Roy Williams has tackled the sports milieu before, in 2002’s Sing Yer Heart Out for the Lads, where a televised football match became the site of debate about race and nationalism. But with Sucker Punch, he flings us into the thumping heart of the action. And Sacha Wares gives his play a production of exhilarating spectacle. Miriam Buether’s design is faultlessly, pungently authentic, and the acting, from a cast led by Daniel Kaluuya and Anthony Welsh as two school friends turned adversaries, is every bit as convincing as Williams’ characteristically piquant and acutely observed dialogue.

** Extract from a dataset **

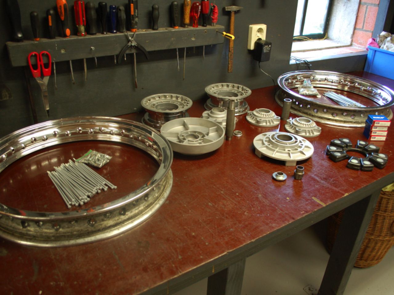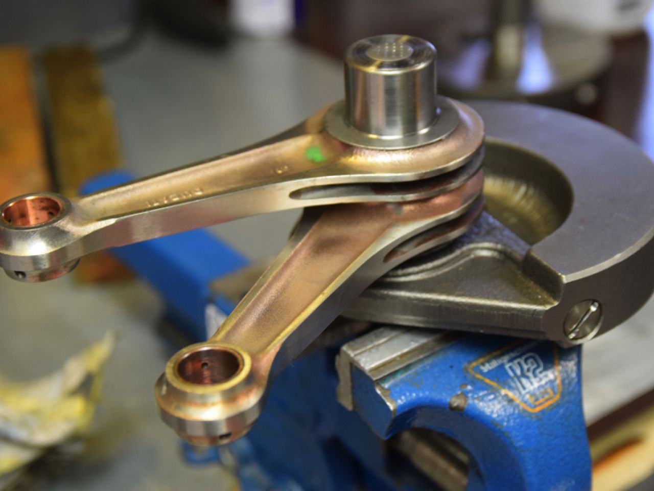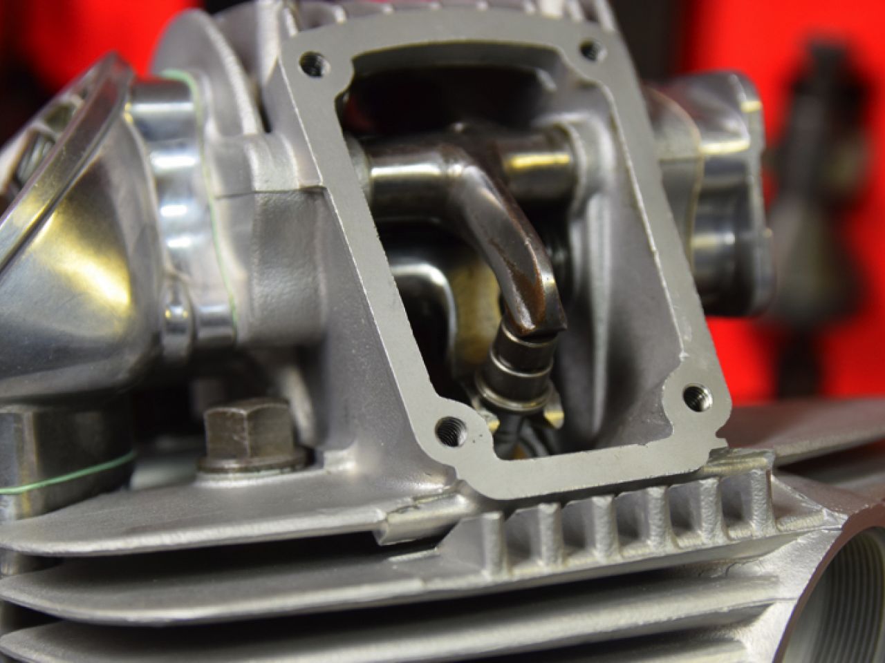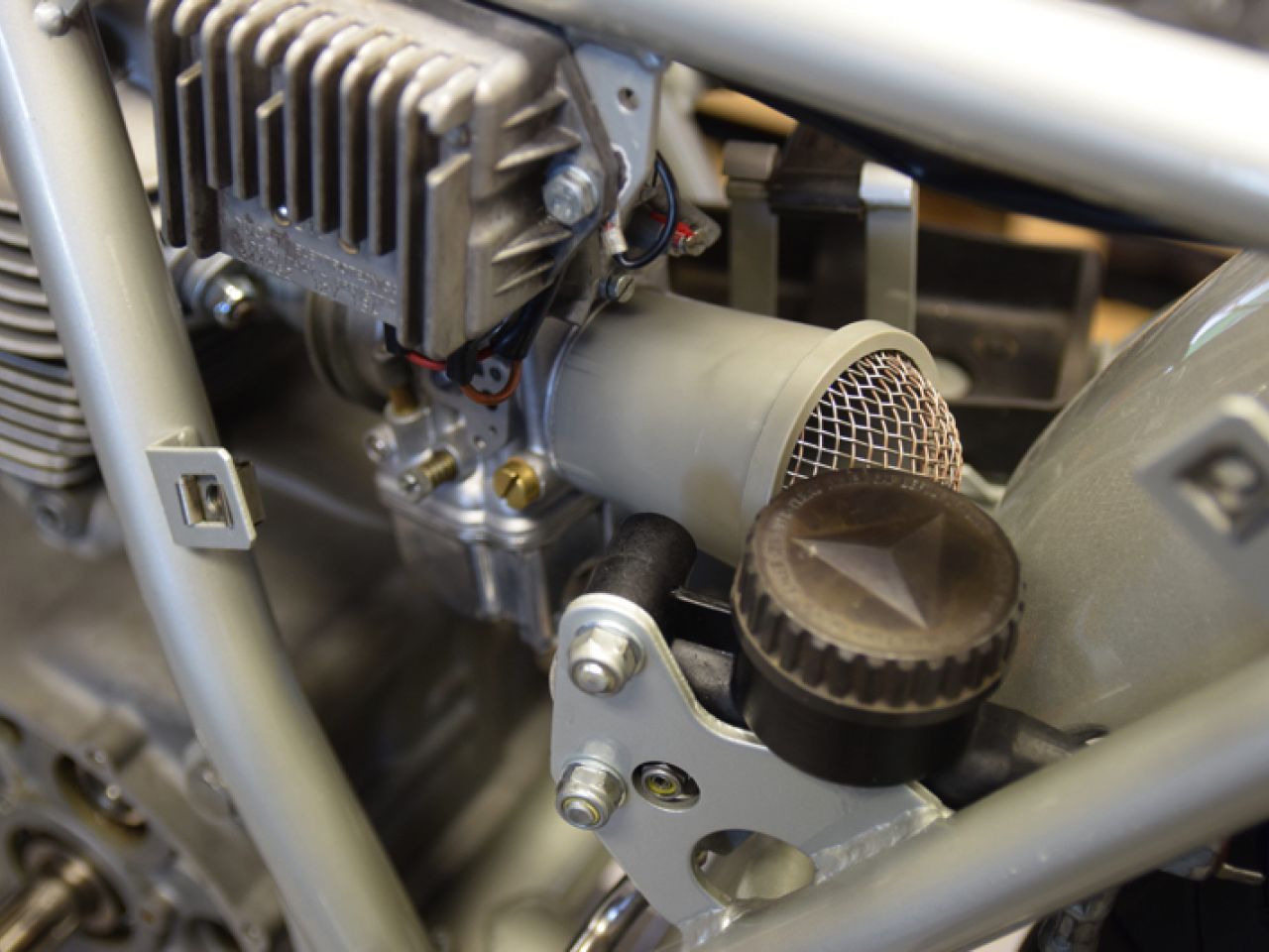 The engine was first fully rebuilt to original specifications. The original con-rods were fitted with a new oversize pin and standard roller bearings. The gearbox was refurbished and a NOS set of Borgo pistons was bored and honed to newly lined cylinders. The cylinder heads were rebuilt with new valves and guides and the original polished rockers. The complete engine was assembled after all the parts were cleaned, blasted and polished.

It’s the 1980s, and Leon (Kaluuya) and Troy (Welsh) hang around Charlie’s downbeat West London gym, mopping up, cleaning the toilets and picking up what they can about boxing. Outside in Thatcher’s Britain, there are riots, the angry fallout from the notorious Sus laws, and a burgeoning self-centred loadsamoney culture. Inside, there’s the naked, casual racism of Charlie (Nigel Lindsay) and of his newest protégé Tommy (Jason Maza) to contend with – not to mention the tentatively flowering romance between Leon and Charlie’s perky, daddy’s-girl daughter Becky (Sarah Ridgeway). But when Charlie’s business looks like it's being destroyed by the changing economic situation and rising star Tommy’s desertion, Leon thinks he spots an opportunity. He becomes Charlie’s new “boy” – the boxer who just might make both their names and their fortunes. For Troy, though, the constant racist corrosion is intolerable, and after one violent incident too many, his mother ships him out to live in with his father in the United States. When the pair meets again, it’s with their gloves on, in a vital title fight. But with Troy’s blinged-up, fur-coated black trainer bullying him and calling him “bitch,” and Leon having made it this far only by suffering the ignorance of his trainer and the taunts of racist crowds – and by sacrificing his relationship with Becky – can there be any real winners here?
The writing is rich with irony and contradiction. Boxing is seen both as a means of getting ahead for black youth, and as a deeply troubling form of voyeurism for white people who, as Leon’s disapproving dad Squid says, “love nuttin’ better than to see two black men beat up on each other.” Charlie is a toxic father figure to Leon, but Squid, who chases white women and drinks and gambles away his son’s wages, is no role model either. And the pursuit of money and fame, as well as the enduring evil of racism – albeit in more insidious form – have a fierce 21st century relevance.
There are loose ends and patches of under-development. The love story in particular feels schematic, and the weak ending hardly lands a killer blow. But Wares’ production is so electrifying that the whole is triumphantly theatrically effective. The leads have been drilled by 1983 European boxing champion Errol Christie and choreographer Leon Baugh, and the results are stunning: dazzling boxing bouts that are both ferociously elegant and grittily real. And the language is crammed with nuance and jabs of nimble, angry wit. Blunt, tough and viscerally thrilling.